You bet we did.  They ran us below the DMZ, then held us to the DMZ generally for the rest of the war, then held us to the DMZ in the peace talks.  In other words, Red China saved North Korea.


----------



## Katzndogz

China has no need of an army over here.  They can simply foreclose and get it all.


----------



## Unkotare

Some people just can't resist repeating that tired old nonsense every time any topic relating to China comes up.


----------



## Andrew2382

I honestly don't think China and the US will ever get into a traditional war...our economies are too involved with each other, if we crash so do they.  Also, if it were to happen, true their army is vast, however they have no navy compared to us and our air force is superior.


----------



## editec

to quote my Uncle, who was formerly an artillary officer during the Korean clash of the early 50's?

_Fighting the RED CHINESE army is like pissing on an anthill. Everything works out for you pretty well, *but then eventually you run out of piss.*_


----------



## MikeK

editec said:


> Yes, and the USA can field 35,000 nuclear weapons.
> 
> But don't worrry about China's military might, its their economic might that is going to make all the difference.


The Chinese have nukes, too.  So what you're suggesting is in inevitable fact, Armageddon.  

That is why I believe we should never have suspended the draft.  Because if we had not we would now have a massive reserve of trained soldiers in the civilian population who could be activated within a very short time.  As it is the U.S. population consists largely of untrained, undisciplined, spoiled and lazy males for whom the thought of military service is a frightening and offensive prospect.  It would take no less then three or four months to induct and to train them.

The U.S. once was a nation of fighters.  This is no longer the case.  We have become soft, spoiled and complacent, whereas the Chinese are lean and mean.  An unhappy reality, but reality nonetheless.


----------



## Unkotare

MikeK said:


> The U.S. once was a nation of fighters.  This is no longer the case.  We have become soft, spoiled and complacent, whereas the Chinese are lean and mean.  An unhappy reality, but reality nonetheless.

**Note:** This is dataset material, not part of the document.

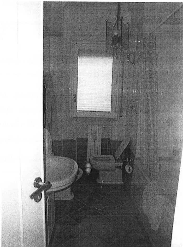
Foto 11: IMMOBILE A. Appartamento sito in Cerignola, alla Via Piano San Rocco n. 16, piano 1, interno 2, scala A1. Bagno grande.

Yeah, yeah. Every generation says that about the next one. If it makes you feel any better, they do the same in China too.


----------



## Big Fitz

peace2011 said:


> Chinese have an unlimited surplus of young fighting age men with no wives to be able to send anywhere in the world it is fact that they have boasted that they can field an army of 200 million men. China has had a long history of being the economic trading superpower of the world, perhaps they are attempting to rule the world economically again. Can we stop it? We do have a large army but we are already sick of these resource wars.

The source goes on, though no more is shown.